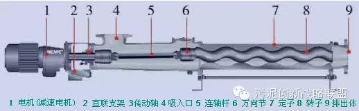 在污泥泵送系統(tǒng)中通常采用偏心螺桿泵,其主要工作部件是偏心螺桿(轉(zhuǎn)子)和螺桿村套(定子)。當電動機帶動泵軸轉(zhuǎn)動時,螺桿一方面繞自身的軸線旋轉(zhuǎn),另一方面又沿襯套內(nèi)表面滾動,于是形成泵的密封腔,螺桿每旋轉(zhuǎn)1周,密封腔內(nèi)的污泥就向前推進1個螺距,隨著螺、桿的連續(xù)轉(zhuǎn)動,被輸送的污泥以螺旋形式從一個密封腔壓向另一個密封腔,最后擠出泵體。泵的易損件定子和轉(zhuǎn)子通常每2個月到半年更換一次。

-------

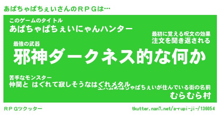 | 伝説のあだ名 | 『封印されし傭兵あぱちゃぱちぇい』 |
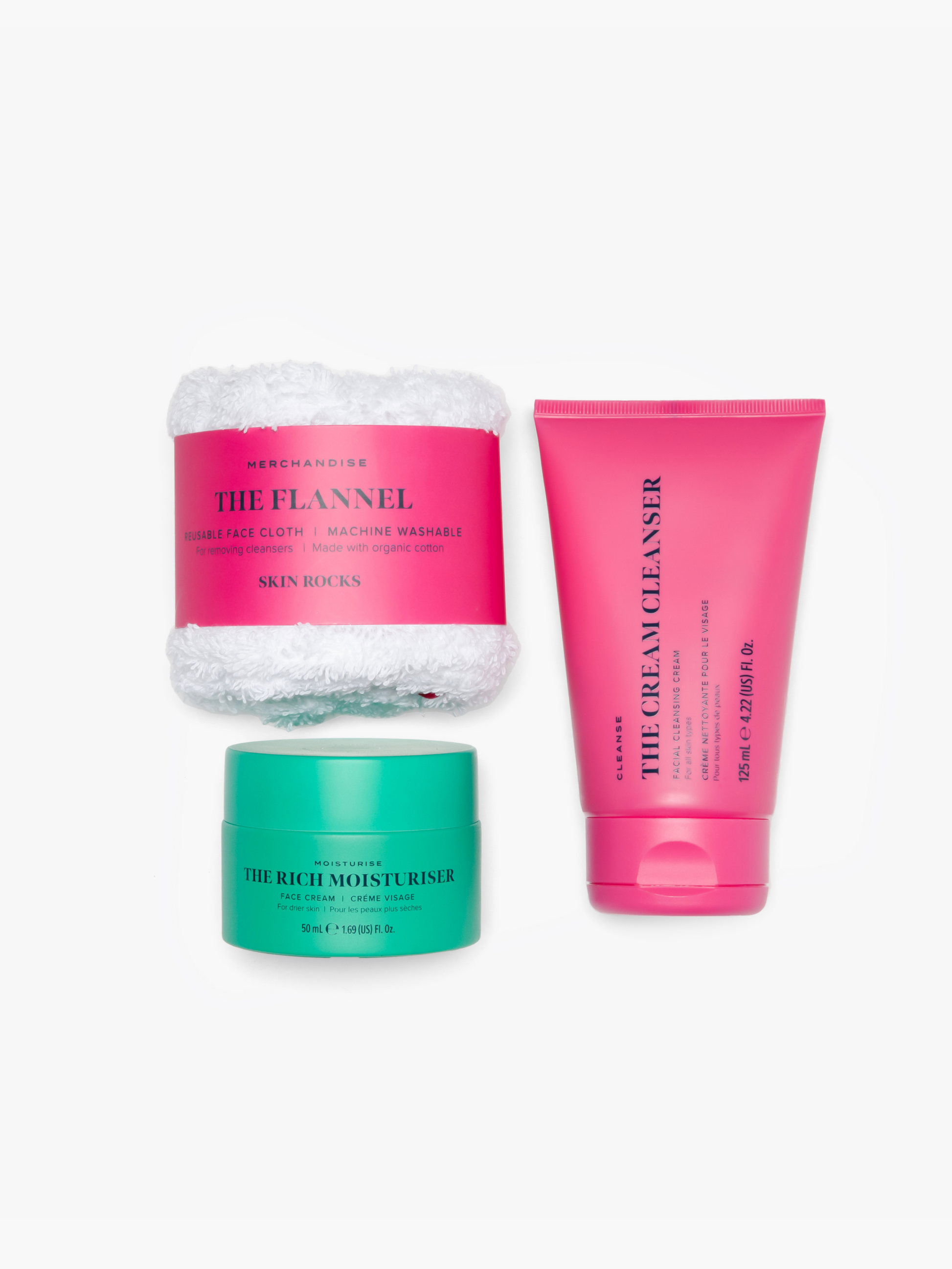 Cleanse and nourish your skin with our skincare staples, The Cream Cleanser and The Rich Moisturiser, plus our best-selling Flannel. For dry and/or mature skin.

-------

| Task goal |
Give again the stretch of lines above from the one with "伝説のあだ名 | 『封印されし傭兵あぱちゃぱちぇい』 |" through the one with "Cleanse and nourish", both ends kept, and copy no pictures.

| Solution for this problem |
 | 伝説のあだ名 | 『封印されし傭兵あぱちゃぱちぇい』 |
 Cleanse and nourish your skin with our skincare staples, The Cream Cleanser and The Rich Moisturiser, plus our best-selling Flannel. For dry and/or mature skin.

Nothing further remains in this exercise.